Task:
Here is a listing, set out below; repeat its lines from the one with "Для объективного судейства" to the last, both included, and leave out the pictures.

---

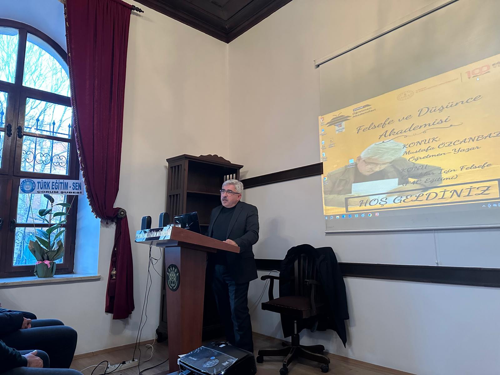 Milli Eğitim Müdürlüğü tarafından Hasan Paşa Yazma Eserler Kütüphanesi'nde düzenlenen programa konuşmacı olarak katılan Mustafa Özcanbaz, yaptığı sunumda Çocuklar İçin Felsefe (P4C Eğitimi) başlığı altında, erken yaşlarda çocukların sorgulama, düşünme ve anlam kurma becerilerinin nasıl geliştirilebileceği üzerine önemli bilgiler aktardı.
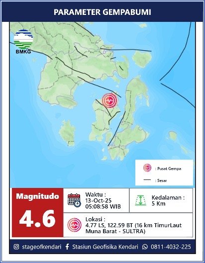 “Gempa Mag: 4.6, 13-Oct-25 05:08:58 WIB, Lok:4.77 LS, 122.59 BT (16 km TimurLaut Muna Barat – SULTRA ), Kedlmn: 5 Km,” tulis Kepala Stasiun Geofisika Kendari, Rudin dalam laporannya.
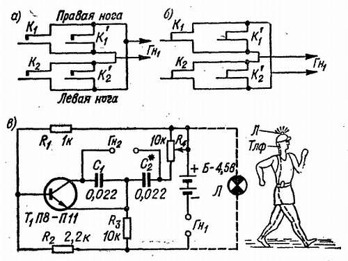 Для объективного судейства на соревнованиях по спортивной ходьбе параллельно с цепью звукового генератора можно сделать еще одну сигнальную цепь, состоящую из лампочки Лс для световой сигнализации о неправильных движениях. Такую лампочку можно укрепить на спине или шапочке спортсмена.
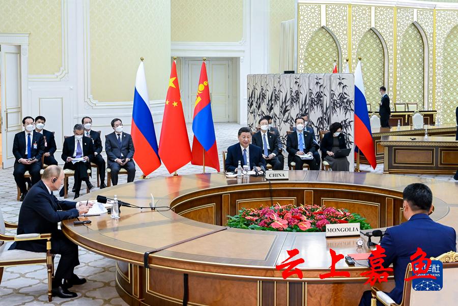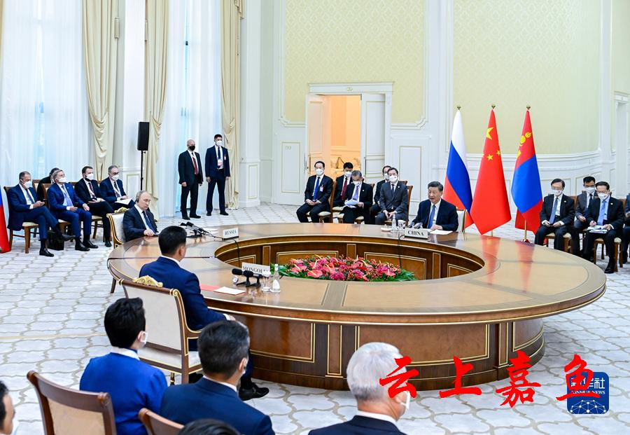 当地时间9月15日下午,国家主席习近平在撒马尔罕国宾馆同俄罗斯总统普京、蒙古国总统呼日勒苏赫举行中俄蒙三国元首第六次会晤。新华社记者 翟健岚 摄
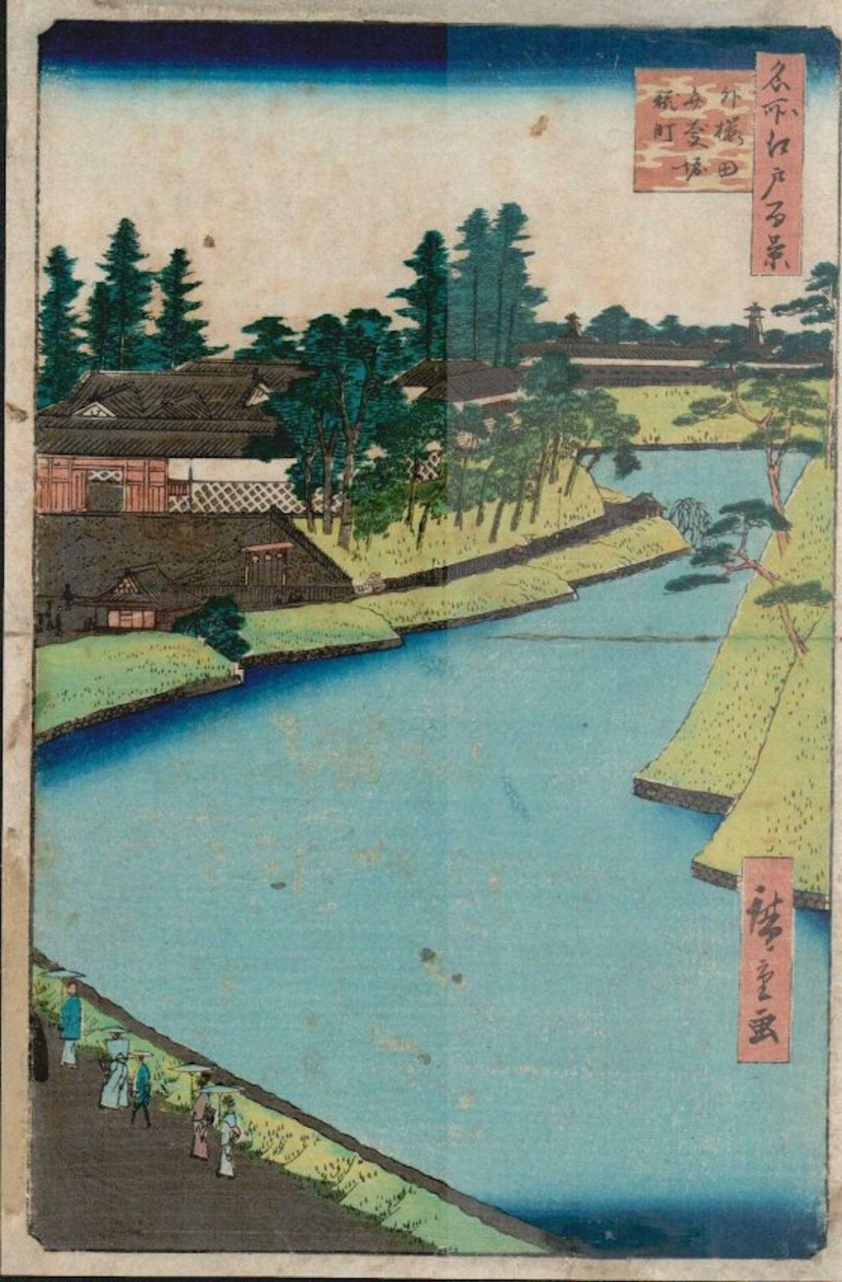 Hiroshige - "100 FAMOUS VIEWS OF EDO 1987", BIRDS EYE VIEW OF A CANAL, CIRCA 1857, GOOD COLOR AND IMPRESSION. MARGINS SLIGHTLY TRIMMED, AND SOILED, STAINED, BACKED, OBAN, TATE-E. MEASURES AT 14 X 9 1/4

---

Task response:
 Для объективного судейства на соревнованиях по спортивной ходьбе параллельно с цепью звукового генератора можно сделать еще одну сигнальную цепь, состоящую из лампочки Лс для световой сигнализации о неправильных движениях. Такую лампочку можно укрепить на спине или шапочке спортсмена.
 当地时间9月15日下午,国家主席习近平在撒马尔罕国宾馆同俄罗斯总统普京、蒙古国总统呼日勒苏赫举行中俄蒙三国元首第六次会晤。新华社记者 翟健岚 摄
 Hiroshige - "100 FAMOUS VIEWS OF EDO 1987", BIRDS EYE VIEW OF A CANAL, CIRCA 1857, GOOD COLOR AND IMPRESSION. MARGINS SLIGHTLY TRIMMED, AND SOILED, STAINED, BACKED, OBAN, TATE-E. MEASURES AT 14 X 9 1/4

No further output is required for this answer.